What is cardiovascular drift and why does it make long efforts harder?

Cardiovascular drift is the progressive rise in heart rate and decline in stroke volume during prolonged exercise at a constant workload. Sweat loss reduces plasma volume, lowering the blood returning to the heart and reducing stroke volume per beat. The heart compensates with a higher rate, but cardiac output falls slightly, oxygen delivery decreases, and perceived difficulty at a fixed pace increases as a direct result.

How does endurance training improve cardiac output?

Endurance training improves cardiac output primarily through eccentric cardiac hypertrophy, which enlarges the ventricular chambers and increases stroke volume per beat. Training also expands plasma volume, raising preload by delivering more blood to the heart per cycle. Both adaptations are most strongly driven by sustained moderate-intensity aerobic work that keeps cardiac output elevated over long durations.

How can athletes gauge improvements in cardiac output without clinical equipment?

Direct cardiac output measurement requires clinical tools such as echocardiography or thermodilution. Accessible proxies include resting heart rate tracked over months: a declining resting rate at stable or improved cardiac output indicates higher stroke volume per beat. Wearable optical sensors provide stroke volume estimates but with limited accuracy. Relative trends within a single athlete over time are more reliable than absolute values.

Bottom Line

Cardiac output, the volume of blood the heart pumps per minute, is the primary ceiling on sustained aerobic performance in trained individuals. It is determined by heart rate and stroke volume. Heart rate is largely fixed by age. Stroke volume is highly trainable and responds to the right stimulus, making it the variable that separates athletes who continue improving their aerobic ceiling from those who plateau.

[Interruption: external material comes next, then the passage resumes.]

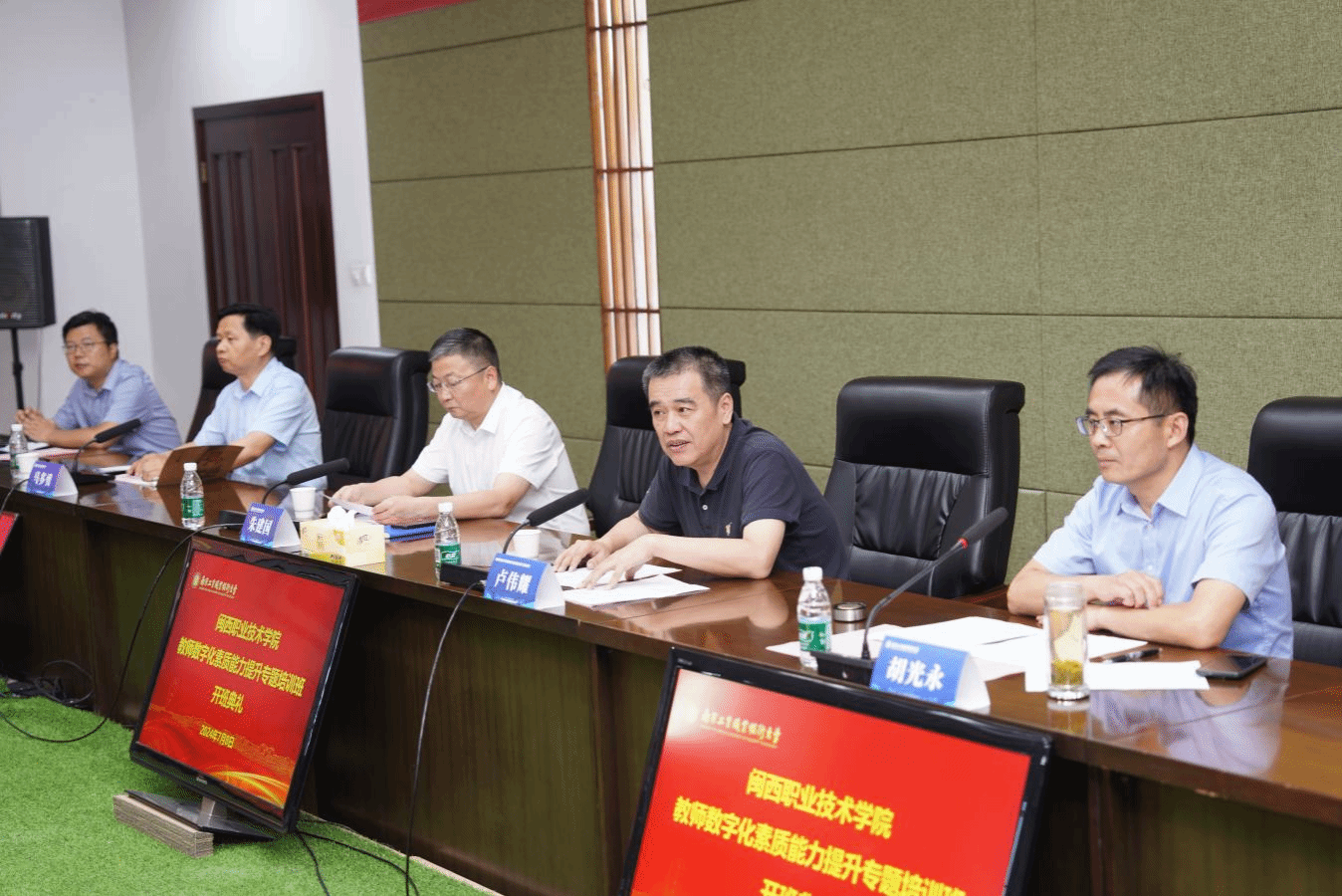 开班仪式上,卢伟耀书记对承办院校——南京工业职业技术大学表示衷心的感谢。他指出,教育数字化是我国开辟教育发展新赛道和塑造教育发展新优势的重要突破口,举办教师数字化素质能力提升专题培训班,旨在实施数字化赋能教师发展行动,提升教职工数字素养与技能。他强调,参训学员要认识到位、端正态度,静下心来学习,了解世界数字教育发展趋势,建立数字化思维方式,掌握数字化教育方法;培训中要深入感受、深入体验、深入思考我国职业教育的头部院校——南京工业职业技术大学的先进办学理念和教育教学创新机制;要保持闽西红土地高职院校教师的优良师风、学风,勤学好问、遵守纪律、艰苦朴素;要把培训所学所见进行转化和应用,将培训成果全面运用到教育教学中,在熟练运用数字工具进行教学设计、课堂互动、数据分析,探索数字化教学方法培养学生数字素养和数字能力中发挥标杆和表率作用,塑造我校高质量发展新动能;各教学单位要建立教师数字化素养精细化评价机制,把教师数字化能力列入教师职业画像、评价考核的重要指标。

Stroke volume develops through eccentric cardiac hypertrophy, a structural enlargement of the ventricular chambers driven by sustained, moderate-intensity aerobic loading over time. During prolonged efforts, it declines progressively through cardiovascular drift, as plasma volume losses reduce preload and the heart compensates by increasing rate rather than volume per beat. This compensation is incomplete. Cardiac output falls, oxygen delivery to muscle falls, and perceived difficulty at a fixed pace increases as a direct physiological consequence.

Most aerobically active people attribute their performance limits to the wrong system. The sensation of failure is peripheral, but the mechanism is central. Understanding that the ceiling is located in the heart's output capacity, that it responds to a specific training stimulus, and that it degrades in a predictable way during prolonged efforts gives the analytically minded athlete something more useful than a training tip: a working model of what is actually happening, and why.